REQUIRED ACTION: Pictures stay out of the copy. Retype exactly the lines below from the one with "Citroen DS19. Die" through the one with "2022年6月,经中央军委批".

━━━ DATA FOR THE TASK ━━━

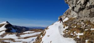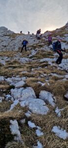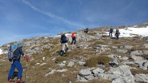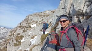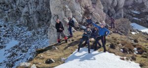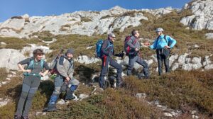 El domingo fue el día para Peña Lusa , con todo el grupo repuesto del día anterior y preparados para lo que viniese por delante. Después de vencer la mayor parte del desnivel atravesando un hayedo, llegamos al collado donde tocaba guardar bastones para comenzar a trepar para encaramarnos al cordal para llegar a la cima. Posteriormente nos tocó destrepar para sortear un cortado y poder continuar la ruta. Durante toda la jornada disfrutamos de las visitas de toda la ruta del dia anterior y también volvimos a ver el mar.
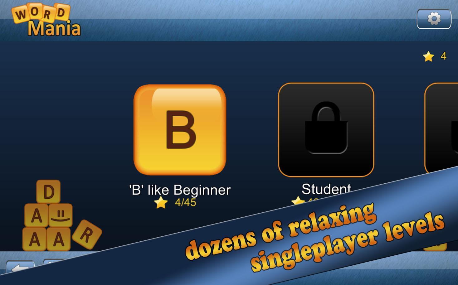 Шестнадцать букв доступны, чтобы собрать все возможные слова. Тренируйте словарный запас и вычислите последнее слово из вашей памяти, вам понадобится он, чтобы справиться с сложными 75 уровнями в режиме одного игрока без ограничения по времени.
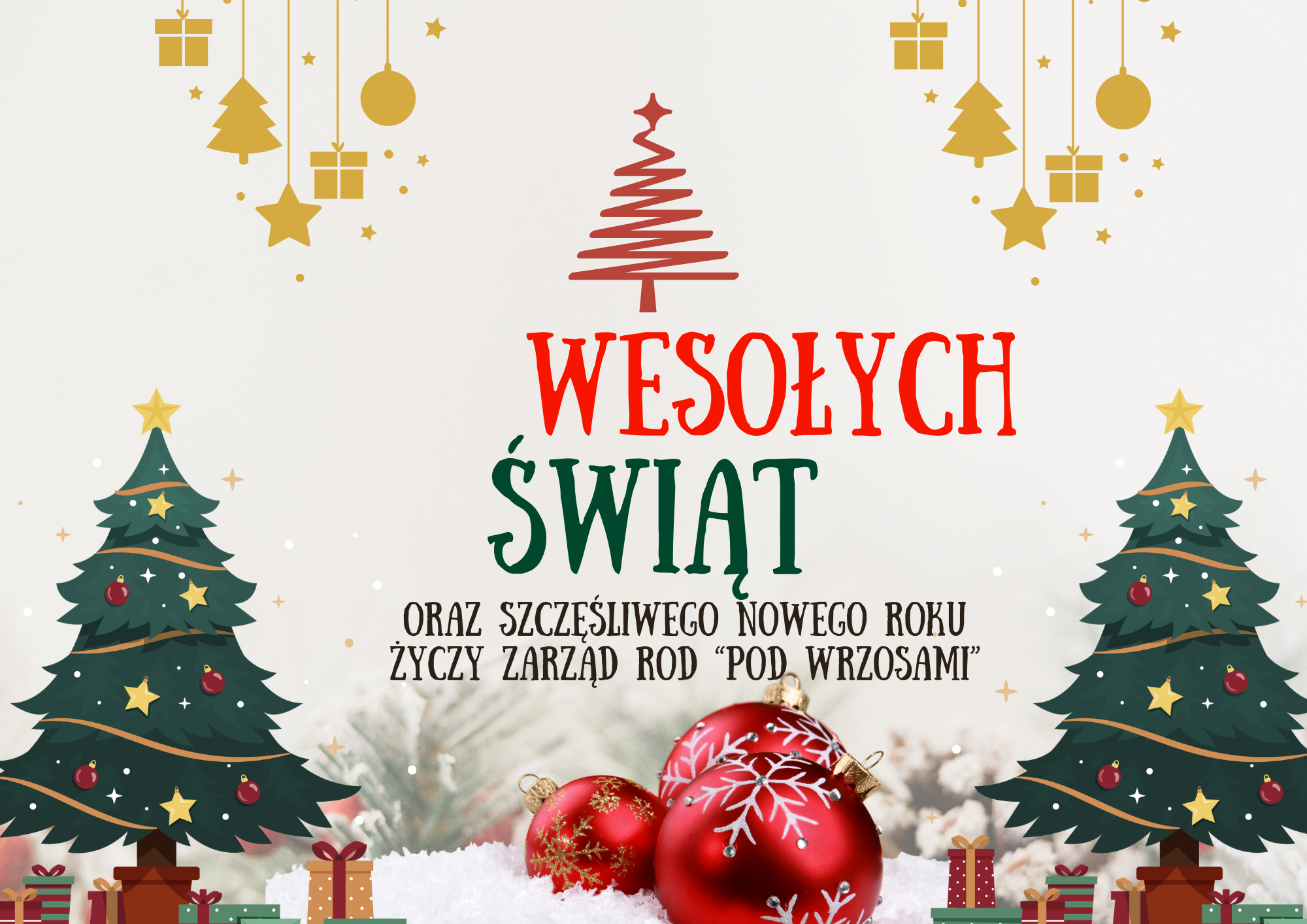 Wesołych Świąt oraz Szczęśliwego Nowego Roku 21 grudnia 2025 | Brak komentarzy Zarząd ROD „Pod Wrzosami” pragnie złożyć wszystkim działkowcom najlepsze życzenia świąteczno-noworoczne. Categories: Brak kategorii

━━━
━━━ DATA FOR THE TASK ━━━

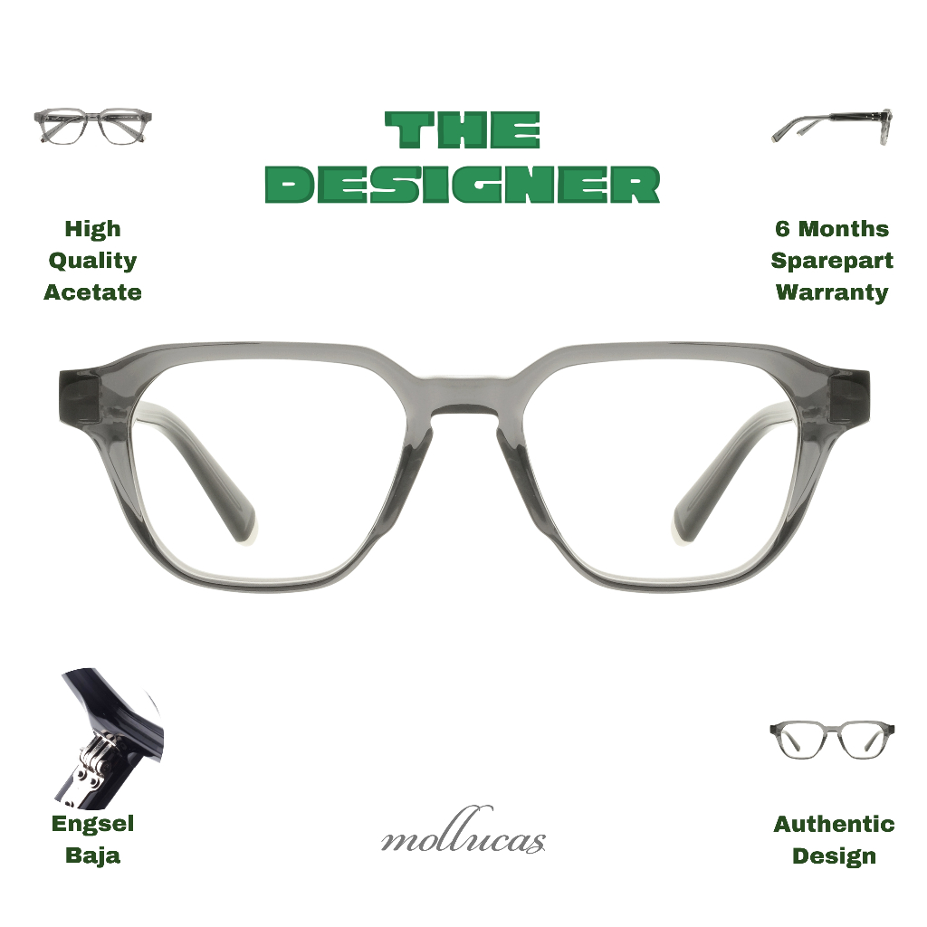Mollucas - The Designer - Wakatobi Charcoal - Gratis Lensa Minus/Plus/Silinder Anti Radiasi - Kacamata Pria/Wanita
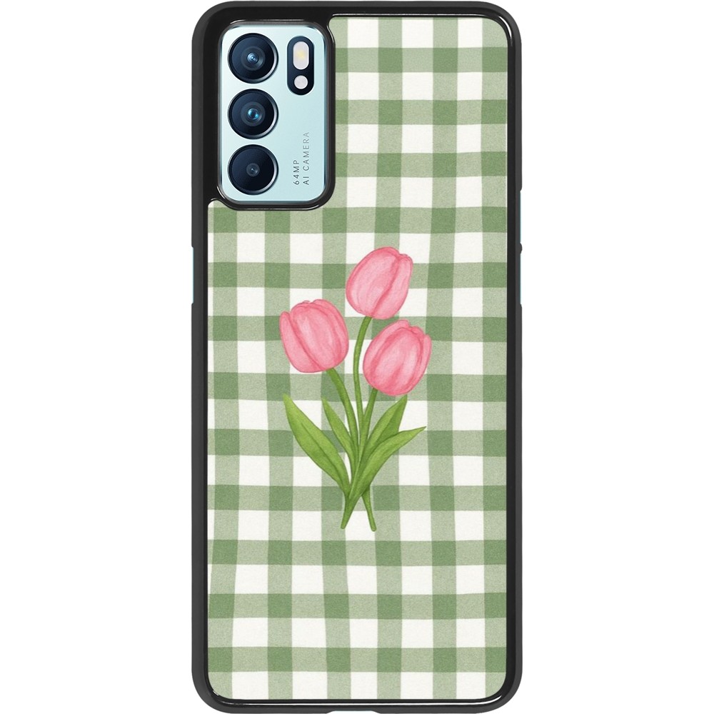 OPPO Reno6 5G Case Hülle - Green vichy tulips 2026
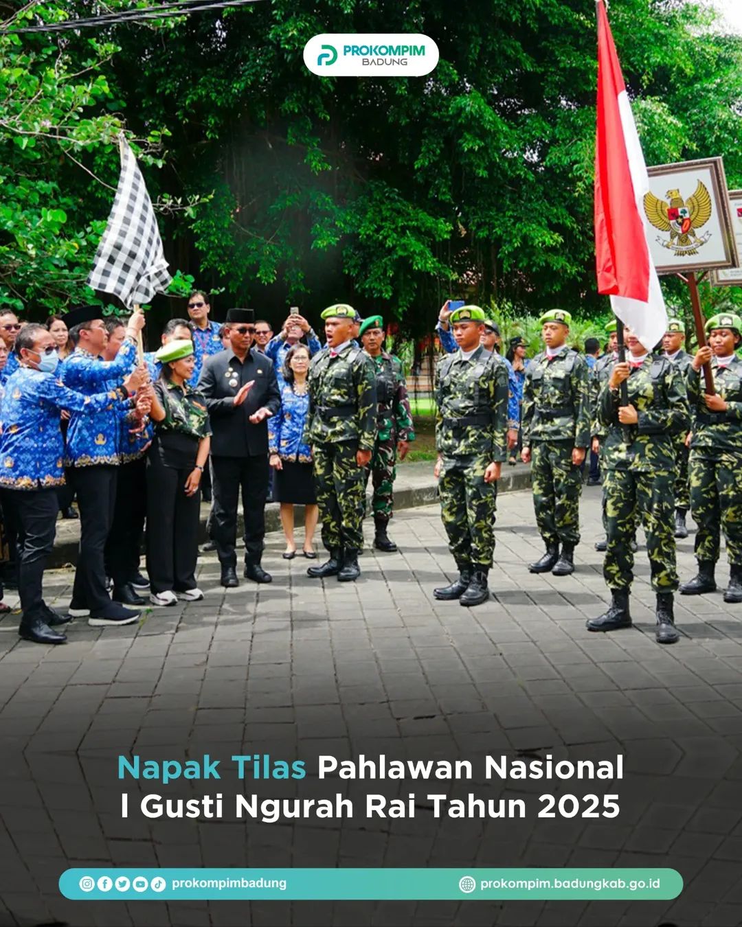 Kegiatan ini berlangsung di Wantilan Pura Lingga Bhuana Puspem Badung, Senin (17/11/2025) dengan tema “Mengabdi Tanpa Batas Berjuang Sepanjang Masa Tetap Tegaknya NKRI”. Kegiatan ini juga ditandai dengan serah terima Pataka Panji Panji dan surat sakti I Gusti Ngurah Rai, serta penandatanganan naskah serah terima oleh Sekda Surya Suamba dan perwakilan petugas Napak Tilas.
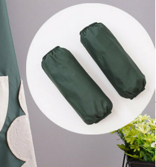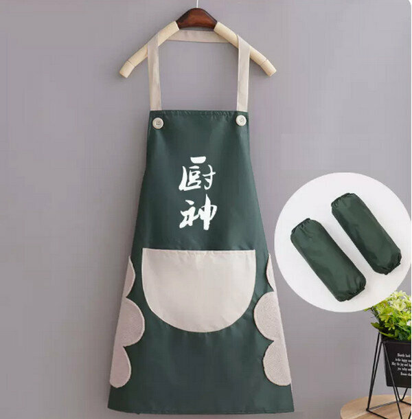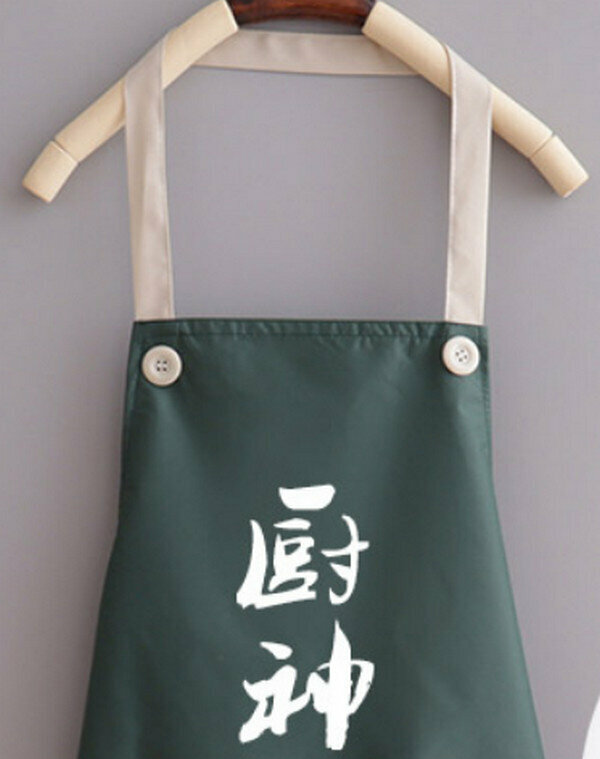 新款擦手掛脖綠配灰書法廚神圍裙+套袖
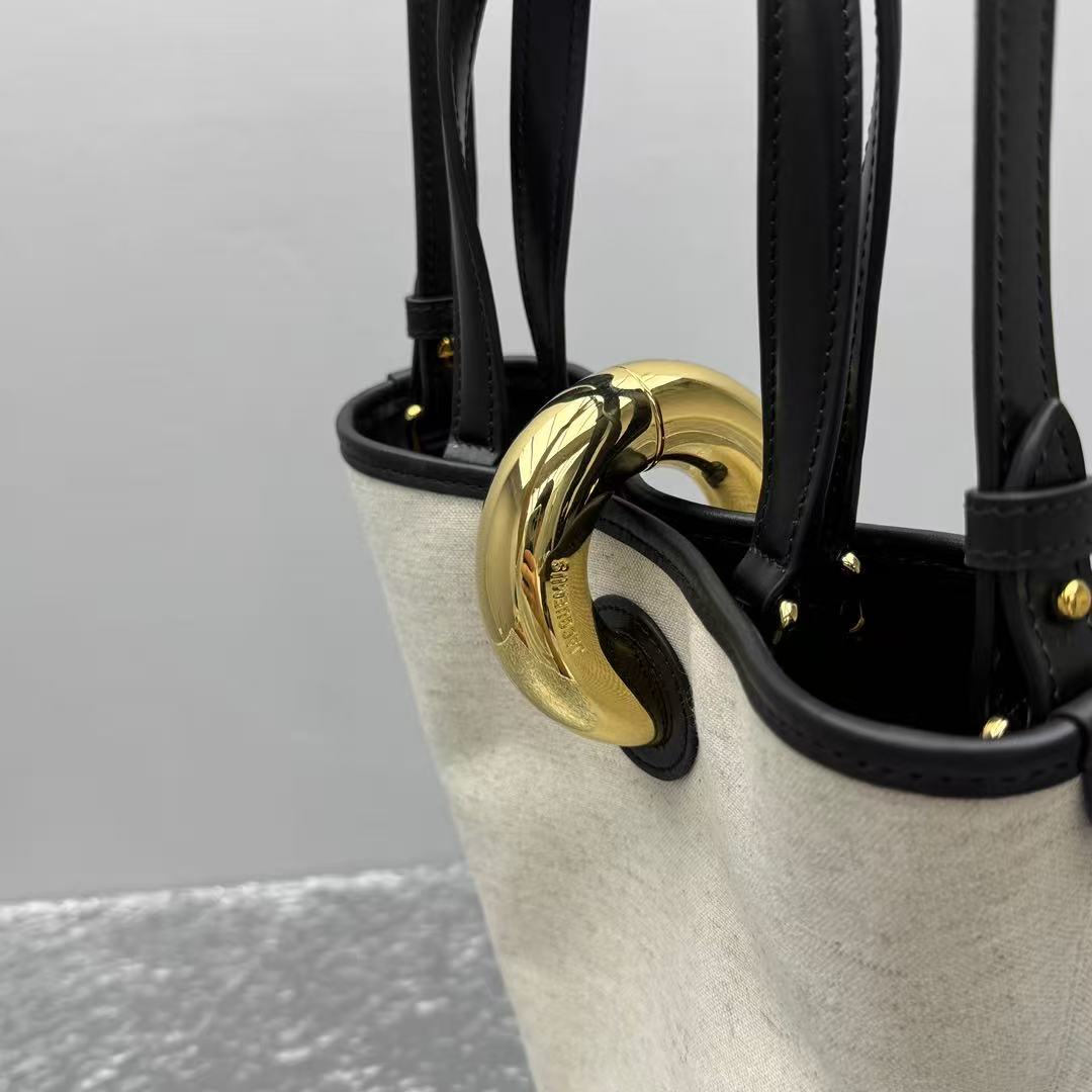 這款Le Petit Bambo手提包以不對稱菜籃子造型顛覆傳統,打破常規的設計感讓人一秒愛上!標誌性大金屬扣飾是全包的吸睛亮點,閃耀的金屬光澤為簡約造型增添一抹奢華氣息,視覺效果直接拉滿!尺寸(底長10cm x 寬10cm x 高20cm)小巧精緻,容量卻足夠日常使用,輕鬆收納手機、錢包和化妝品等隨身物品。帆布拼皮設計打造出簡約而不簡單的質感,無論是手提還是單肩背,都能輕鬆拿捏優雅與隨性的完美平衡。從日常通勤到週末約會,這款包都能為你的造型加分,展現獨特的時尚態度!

━━━
━━━ DATA FOR THE TASK ━━━

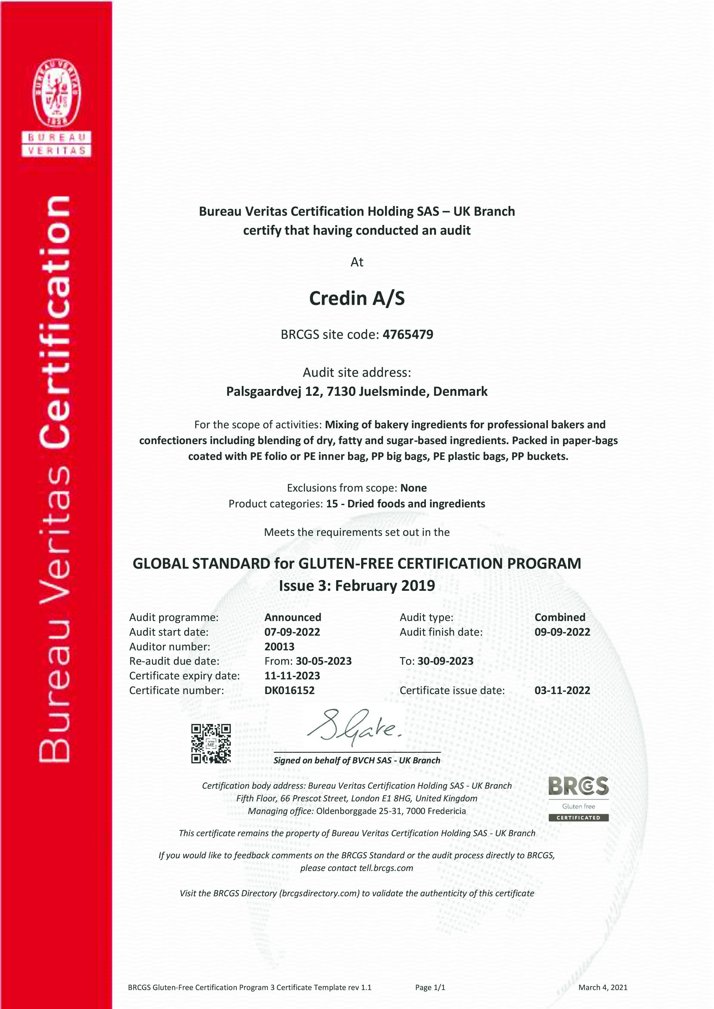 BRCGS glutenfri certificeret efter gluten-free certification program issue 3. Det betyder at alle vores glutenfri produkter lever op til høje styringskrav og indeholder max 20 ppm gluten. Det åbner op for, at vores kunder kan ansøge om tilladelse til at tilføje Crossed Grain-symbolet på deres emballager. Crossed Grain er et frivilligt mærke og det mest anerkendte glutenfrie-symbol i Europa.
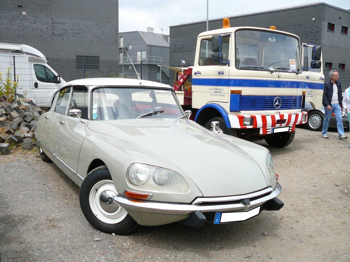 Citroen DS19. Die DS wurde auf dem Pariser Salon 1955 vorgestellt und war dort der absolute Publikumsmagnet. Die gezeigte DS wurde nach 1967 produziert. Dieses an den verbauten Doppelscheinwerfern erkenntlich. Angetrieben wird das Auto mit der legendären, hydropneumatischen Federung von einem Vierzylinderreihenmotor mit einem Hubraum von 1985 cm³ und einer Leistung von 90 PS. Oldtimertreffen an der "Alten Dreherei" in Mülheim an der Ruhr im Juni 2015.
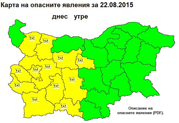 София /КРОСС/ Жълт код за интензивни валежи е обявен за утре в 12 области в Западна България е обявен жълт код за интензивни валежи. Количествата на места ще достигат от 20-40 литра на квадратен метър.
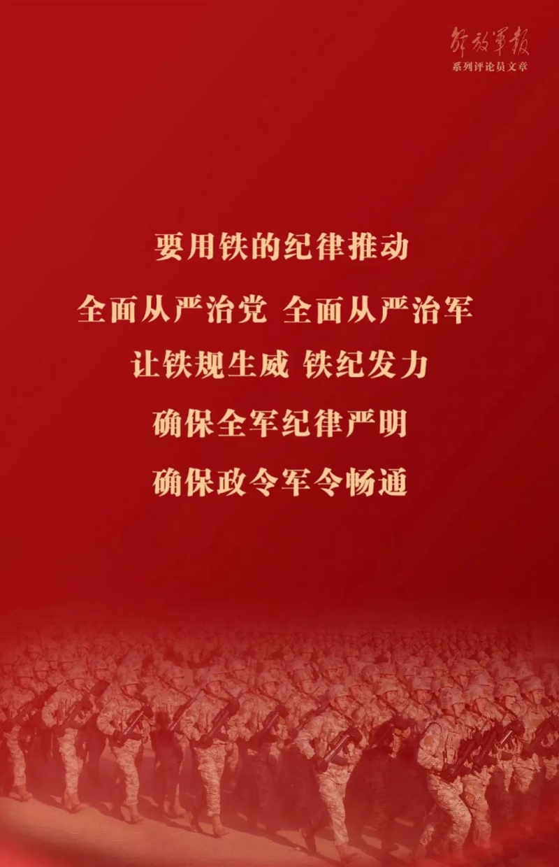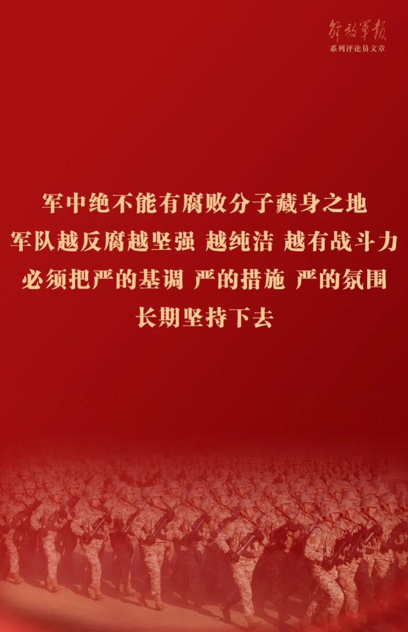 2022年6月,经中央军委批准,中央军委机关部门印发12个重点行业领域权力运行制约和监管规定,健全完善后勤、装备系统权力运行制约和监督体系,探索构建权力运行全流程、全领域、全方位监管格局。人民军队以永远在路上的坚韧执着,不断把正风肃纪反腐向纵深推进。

━━━

ANSWER SPACE:
 Citroen DS19. Die DS wurde auf dem Pariser Salon 1955 vorgestellt und war dort der absolute Publikumsmagnet. Die gezeigte DS wurde nach 1967 produziert. Dieses an den verbauten Doppelscheinwerfern erkenntlich. Angetrieben wird das Auto mit der legendären, hydropneumatischen Federung von einem Vierzylinderreihenmotor mit einem Hubraum von 1985 cm³ und einer Leistung von 90 PS. Oldtimertreffen an der "Alten Dreherei" in Mülheim an der Ruhr im Juni 2015.
 София /КРОСС/ Жълт код за интензивни валежи е обявен за утре в 12 области в Западна България е обявен жълт код за интензивни валежи. Количествата на места ще достигат от 20-40 литра на квадратен метър.
 2022年6月,经中央军委批准,中央军委机关部门印发12个重点行业领域权力运行制约和监管规定,健全完善后勤、装备系统权力运行制约和监督体系,探索构建权力运行全流程、全领域、全方位监管格局。人民军队以永远在路上的坚韧执着,不断把正风肃纪反腐向纵深推进。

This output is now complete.